Why So Many People Require The Metabolically Active Form of Folic AcidMay 2015
By Arthur Strand
Elevated homocysteine is a proven risk factor for vascular disease.
Homocysteine can be lowered by supplementing with vitamins B12, B6, and folic acid.
In order for folic acid to remove homocysteine, it first must be converted to its active form called L-methylfolate (5-MTHF). The diagram to the right shows the steps required in the body to convert folic acid to metabolically active L-methylfolate:
The conversion steps needed to form 5-MTHF outlined on the previous page require specific enzymes that in some people are impaired since birth.
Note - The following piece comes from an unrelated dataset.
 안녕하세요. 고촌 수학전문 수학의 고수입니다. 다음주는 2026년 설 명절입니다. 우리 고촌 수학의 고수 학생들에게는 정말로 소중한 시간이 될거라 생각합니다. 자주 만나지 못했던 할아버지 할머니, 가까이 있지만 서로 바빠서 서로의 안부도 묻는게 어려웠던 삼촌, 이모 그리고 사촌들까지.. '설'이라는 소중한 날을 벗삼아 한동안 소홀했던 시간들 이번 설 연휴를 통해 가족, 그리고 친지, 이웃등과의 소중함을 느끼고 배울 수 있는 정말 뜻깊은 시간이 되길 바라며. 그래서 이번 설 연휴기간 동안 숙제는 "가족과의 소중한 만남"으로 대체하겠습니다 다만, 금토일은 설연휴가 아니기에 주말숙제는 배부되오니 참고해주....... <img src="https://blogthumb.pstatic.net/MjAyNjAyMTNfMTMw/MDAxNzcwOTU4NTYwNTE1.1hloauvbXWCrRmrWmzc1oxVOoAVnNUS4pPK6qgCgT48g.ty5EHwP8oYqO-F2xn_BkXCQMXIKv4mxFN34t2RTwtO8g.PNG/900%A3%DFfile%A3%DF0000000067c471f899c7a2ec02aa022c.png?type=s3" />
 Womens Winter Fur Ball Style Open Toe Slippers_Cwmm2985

In other individuals, the activity of these enzymes slows with aging, which helps explain why homocysteine levels so often surge in the elderly.
Fortunately, we don’t have to rely on a perfect sequence of enzymes in our body to lower homocysteine. By taking L-methylfolate (also known as 5-methyltetrahydrofolate or 5-MTHF) directly, we can confidently lower homocysteine.
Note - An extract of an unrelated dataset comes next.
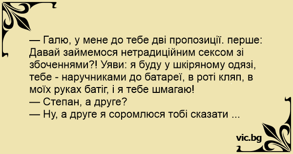 — Галю, у мене до тебе дві пропозиції. перше:
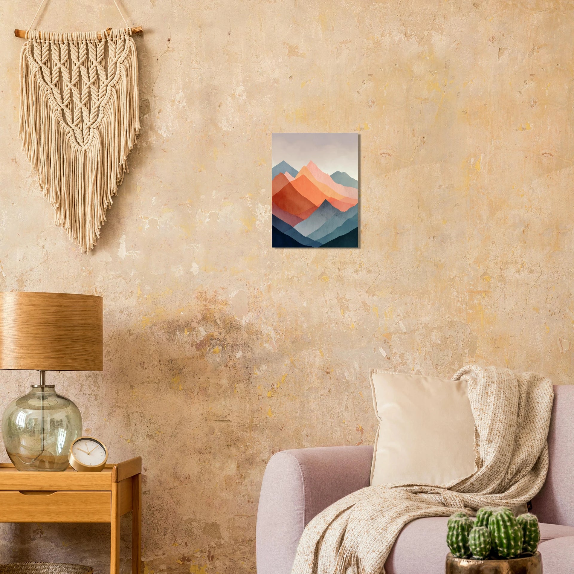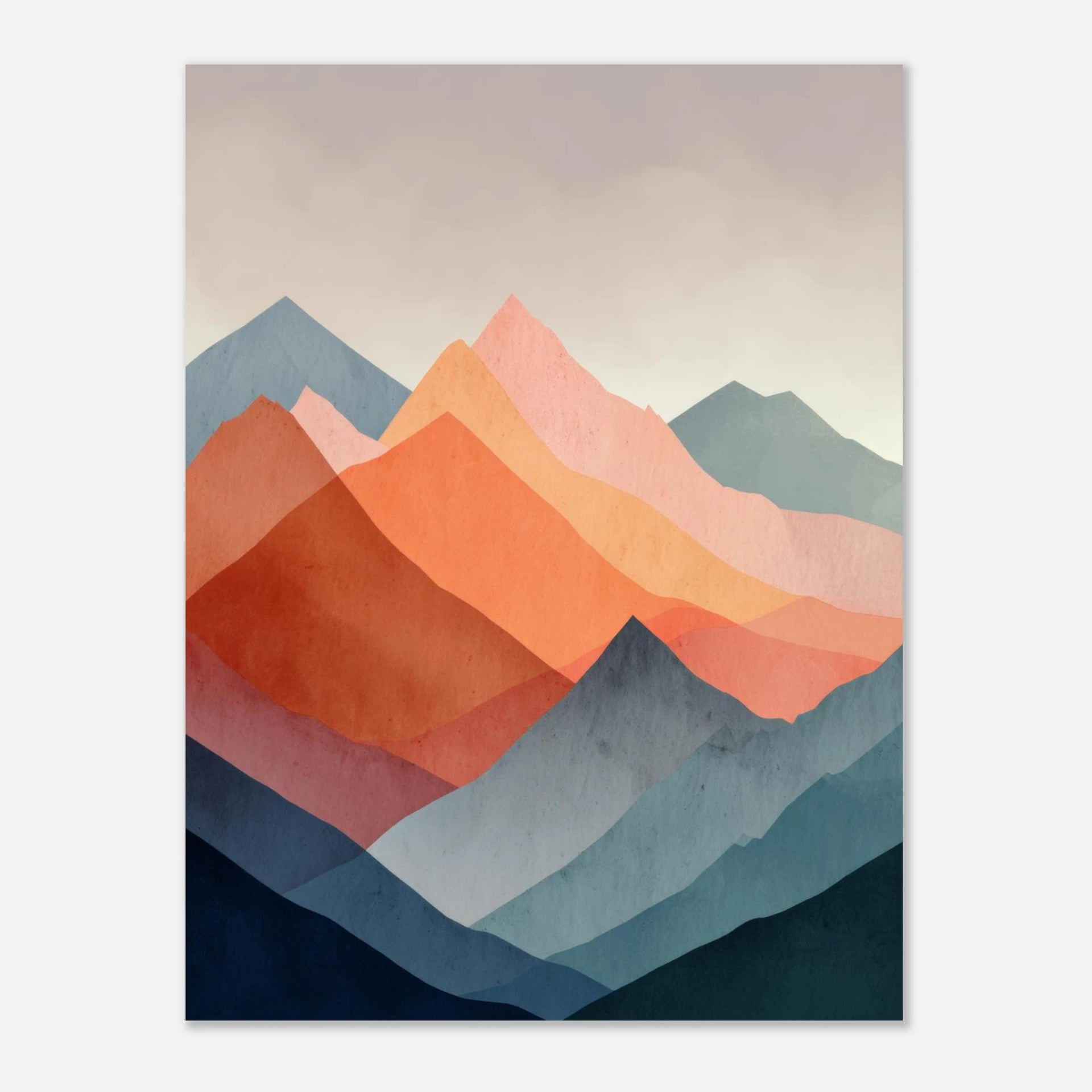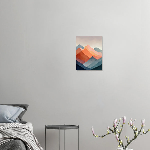 Bring the serene beauty of a layered landscape into your home with this captivating abstract mountain art print. Featuring a striking interplay of warm sunset oranges and cool indigo blues, this piece evokes the tranquility of dusk and dawn. Its contemporary style, with clean lines and a rich, textured appearance, offers a sophisticated touch to any modern living space or office.

Published studies show that 5-MTHF achieves higher blood levels of active folate1,2—and more importantly, lowers homocysteine3 and extends survival in human study subjects.4
When was the last time you or your doctor checked your homocysteine levels? Can’t remember? Never? Either of these answers puts you at risk of a silent killer.5-7
Conventional doctors rarely test their patients’ homocysteine levels. Yet a low-cost blood test quickly reveals if you are in a danger zone.8,9
Most doctors don’t test for it and certainly don’t know how easy it is to treat high homocysteine with a unique form of folate known as 5-MTHF.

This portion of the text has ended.